● **THE TASK**: What should be copied is the stretch of entries below from the line with "سجادة عداء الحمام" up to and including the line with "List hari libur", exactly and without images.

● **PROVIDED RECORDS**:
■ ■ ■ ■ ■ ■ ■
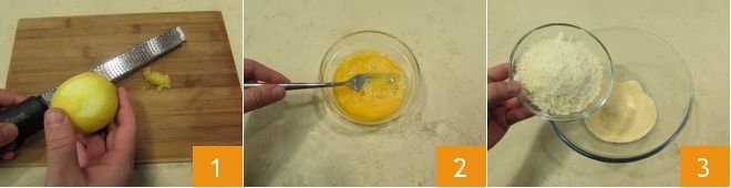 To prepare dry passatelli, start by making the Beef Broth. While it is cooking, prepare the dough for your passatelli. First, grate the zest of half a lemon 1, then crack and beat the eggs in a small bowl 2. In a larger bowl, combine the breadcrumbs and the Parmesan cheese 3;
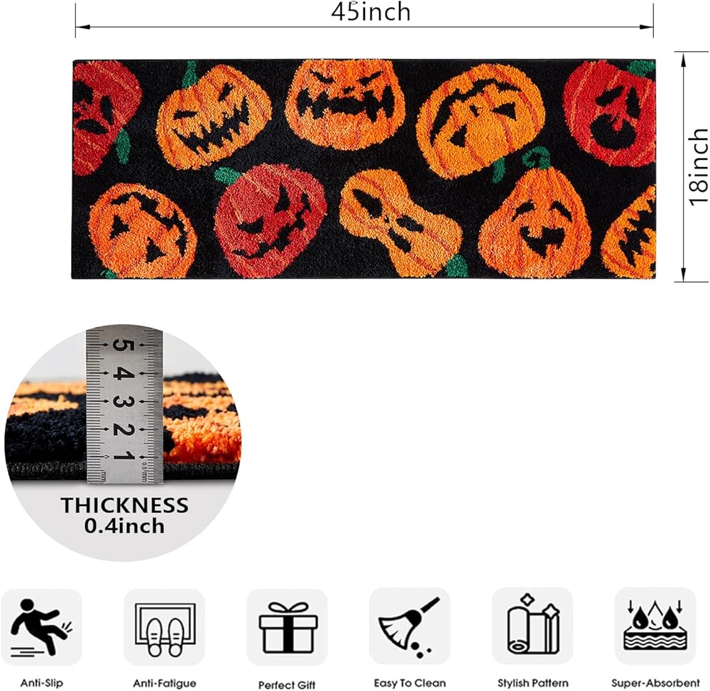 سجادة عداء الحمام للهالوين الخريفية، سجادة غير قابلة للانزلاق، 18 × 45 لطيف برتقالي الخريف ملون، سجادة حمام طويلة جدًا ناعمة، سجادة عداء الهالوين القوطية المخيفة لمدخل المطبخ
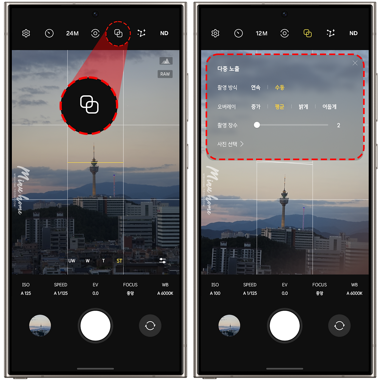 사실 다중 노출의 경우 1차 촬영 후 2차 촬영 표본을 합성하는 형태의 사진인데요,
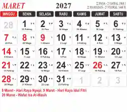 List hari libur tahun 2027 pada Tema 3 (Wide)
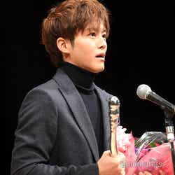 『孤狼の血』での受賞となった松坂は、「ヨコハマ映画祭」の助演男優賞を2年連続で獲得。昨年も『彼女がその名を知らない鳥たち』ということで、「白石(和彌)監督じゃないと来れないのかな(笑)」と笑い飛ばし、「2年連続の受賞、30代最高のスタートが切れたのでは?」と聞かれると、「まだまだ自分がこの仕事を続けていく上で、もっとやらなきゃいけないことがたくさんありますし、『孤狼の血』を含めて自分の中では課題が見えてきた年でもあったので、それを踏まえて30代は、40代に向けてしっかりやっていこうと思っています」とさらなる活躍を誓った。“ヘンリー五世”髪型をツッコまれる
■ ■ ■ ■ ■ ■ ■
● **ANSWER**:
 سجادة عداء الحمام للهالوين الخريفية، سجادة غير قابلة للانزلاق، 18 × 45 لطيف برتقالي الخريف ملون، سجادة حمام طويلة جدًا ناعمة، سجادة عداء الهالوين القوطية المخيفة لمدخل المطبخ
 사실 다중 노출의 경우 1차 촬영 후 2차 촬영 표본을 합성하는 형태의 사진인데요,
 List hari libur tahun 2027 pada Tema 3 (Wide)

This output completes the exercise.